This one rounds out the "winnable for small orgs" set with Google Ad Grants and the Awesome Foundation. The application is short, the geographic match does the qualifying for you, and the decision cycle is fast enough to fit into a normal fundraising calendar.
For a small nonprofit: short application, real money, local relationship as a bonus. Apply.
Most small orgs do not lose grants because of bad writing. They lose them because they applied to grants they were never eligible for. The work below is the work that moves your hit rate.
Funders look for orgs that share their values. You should do the same in reverse. Before you draft a proposal, read the funder's About page, their last three press releases, and the list of orgs they funded last year. If their recent grantees look nothing like you in size, geography, or cause, you are probably not their fit.
Paid databases like GrantStation ($200+ per year) and Candid Foundation Directory ($200 to $1,699 per year) are useful but expensive. To check fit without paying, use Zeffy's free Grant Finder (no account required) to surface eligibility upfront and see funder history from 990 data. That is the "who did they actually fund" intelligence paid platforms typically paywall.
This is the close eligibility read. Before you spend an hour on a proposal, spend 15 minutes confirming you meet every stated requirement: 501(c)(3) status, budget floor or ceiling, geography, cause area, years in operation, prior-funding exclusions, and any platform or technology requirements.
If you do not meet one of those, the application is a no. You can run the same screen inside Zeffy's Grant Finder for free, which is faster than reading a PDF for a "minimum budget $1M" line buried on page four.
Funders want to see that you will spend the money well. A short marketing plan, even a one-pager, does the work: goals, target audience, channels, timeline, and KPIs. Tie every line item to a mission outcome. "Spend $4,000 on Meta ads to recruit 200 volunteers for the fall food drive" beats "social media marketing" every time.

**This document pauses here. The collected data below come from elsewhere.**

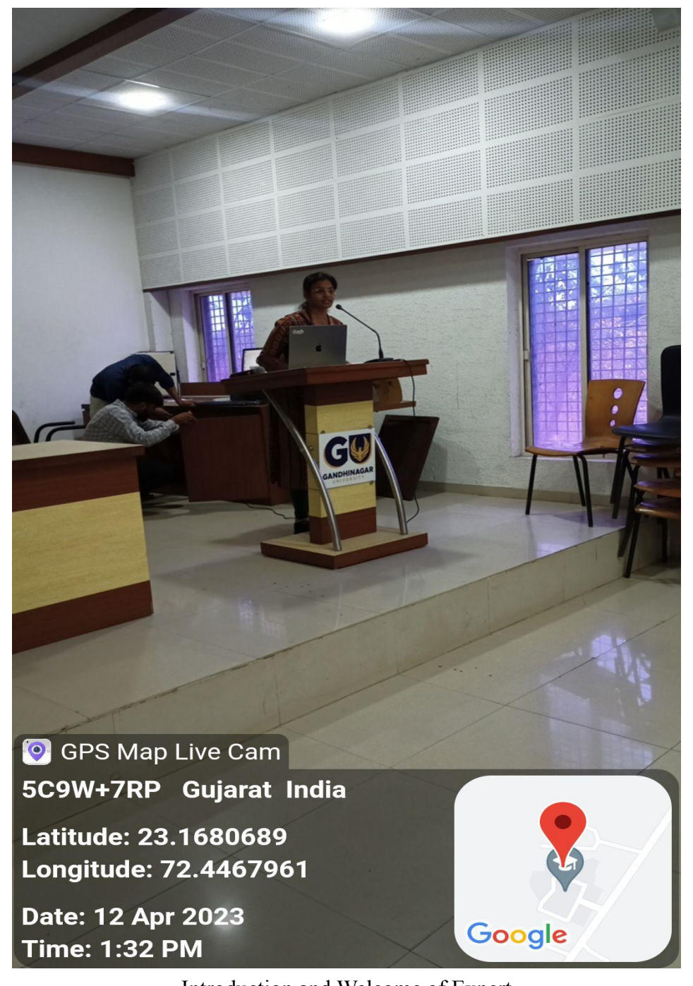
Introduction and Welcome of Expert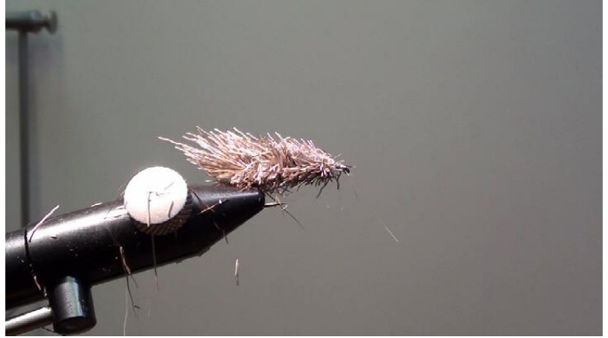
9. Shape the body with your scissors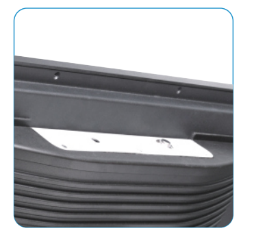
Power button on the top with seal design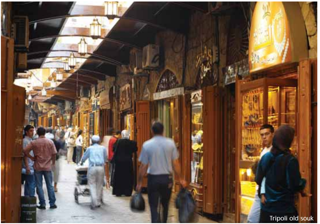
Tripoli old souk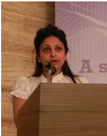
Actress Shefali Shah speaking in the ProSustain program at Mumbai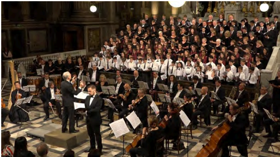
American and French choral artists perform Fauré's Requiem in La Madeleine in Paris on June 12, 2018, conducted by Earl Rivers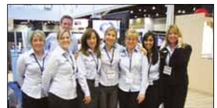
• The gang's all here at the Oral Sciences booth (No. 1029).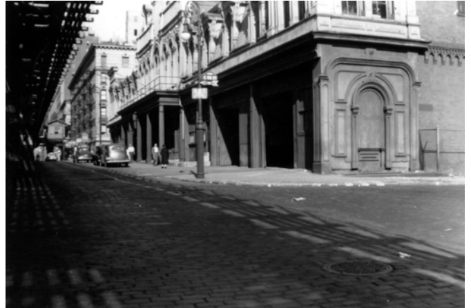
65 th Street Car House, October 6, 1946.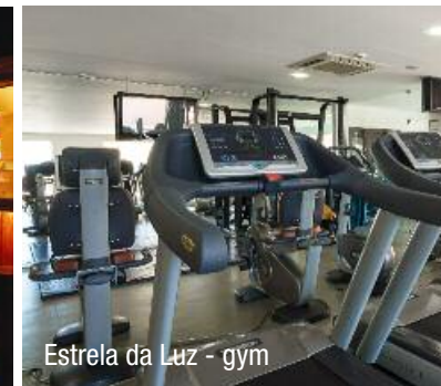
Estrela da Luz - gym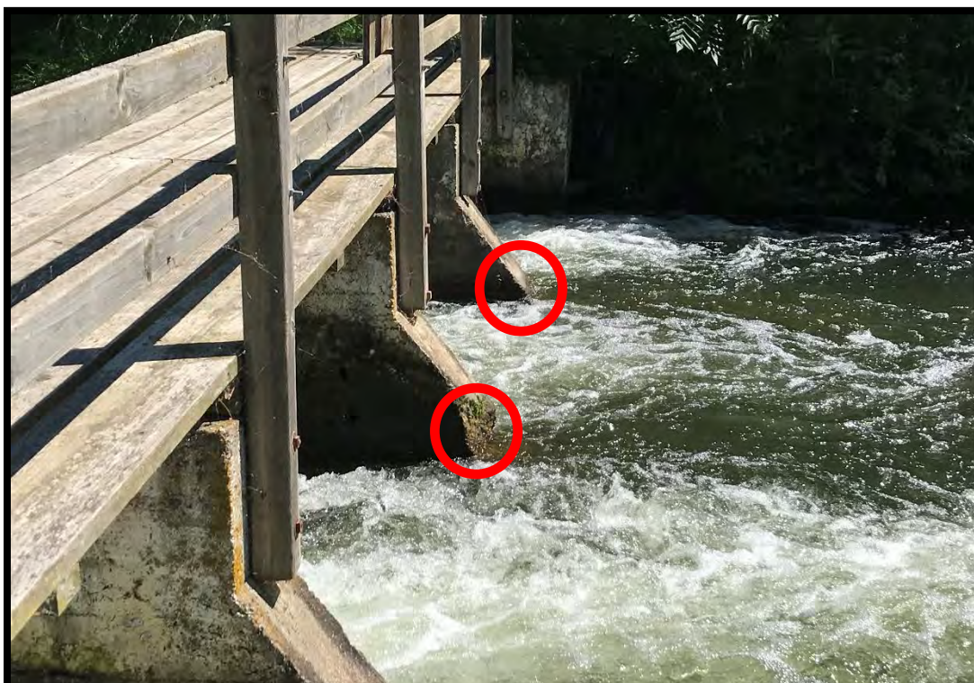
Significant Scour and Spalling on Downstream Piers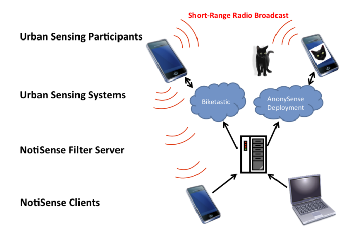
Figure 2: NotiSense's system architecture.

As shown in Figure 2, NotiSense adds three important components to a traditional urban sensing architecture. NotiSense relies on metadata from urban sensing systems, which is collected from urban sensing tasks and consenting urban sensing participants. Since the raw metadata from many urban sensing systems could be too large for mobile devices to periodically download, NotiSense clients rely on filter servers to avoid transferring entire data sets. Finally, some urban sensing participants broadcast short-range wireless signals that are identifiable by NotiSense clients. We discuss below how this architecture can meet our goals.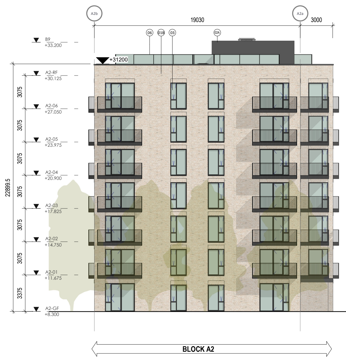
2 Block A2 - North 1 : 200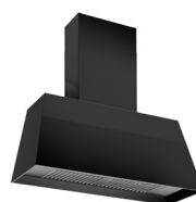
KMC30NE Matt black canopy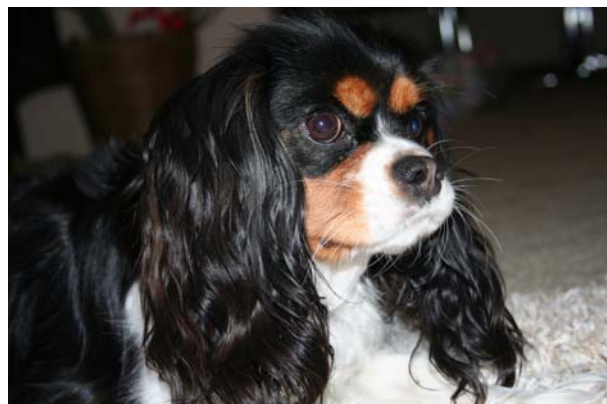
OK, so this is a photo of my dog Sasha, but she is always happy to see me.

www.4wd.net.au 02 9913 1395 info@greatdividetours.com.au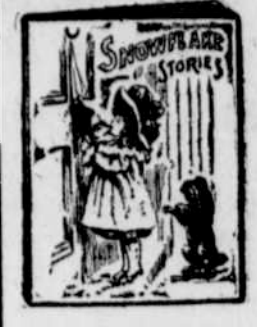
15c and 25c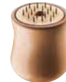
3M™ Power Grip Multi-Pin Air Release Tool MPP-1 Uniquely designed to release the air around rivets in one single motion.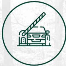
GATED TOWNSHIP WITH 24X7 SECURITY

For invitation-only programs, this is the whole game. For open programs, it raises your hit rate. Follow funders on LinkedIn, comment substantively on their grantees' work, attend their convenings, and email the program officer with one short, specific question before you apply. Not "would you fund us?", but "is our cause area a fit for your 2026 priorities?"
Build a simple grants calendar with three columns: deadline, decision date, and effort estimate. Rolling and monthly grants (Google Ad Grants, Awesome Foundation, Walmart Spark Good) go on as "always open." Annual cohorts get a deadline plus a "start drafting" reminder six weeks before. Missing a deadline is the most preventable loss in your pipeline.
Do not ignore the small ones. A $1,000 Awesome Foundation win, a $500 Walmart Spark Good award, or a Google Ad Grants approval gives you something more valuable than the dollars: a "previously funded by" line. That credibility compounds. Larger funders take you more seriously when smaller funders already did.
If you do not have a grant writer, you do not need to hire one for any of the winnable grants on this list. Our grant-writing guide for nonprofits without a grant writer walks the proposal structure. Authenticity beats polish for sub-$10K grants almost every time.
You will apply for many marketing grants. You will win a few. That is the honest math, and no list of 11 changes it. The most useful move is the screening step that happens before you write a proposal: confirm fit, skip the wrong-target grants, and put your hours into the three or four you can actually win.
While you wait on a "maybe," raise the marketing budget yourself. More than 100K+ nonprofits use Zeffy to do exactly that: keep every donor dollar, with no platform fee, no transaction fee, no credit card fee. Ever.


Your guide to grants for nonprofits in 2026: 20+ grants worth applying for, how to find the ones a small org can actually win, and how to choose where to spend your time.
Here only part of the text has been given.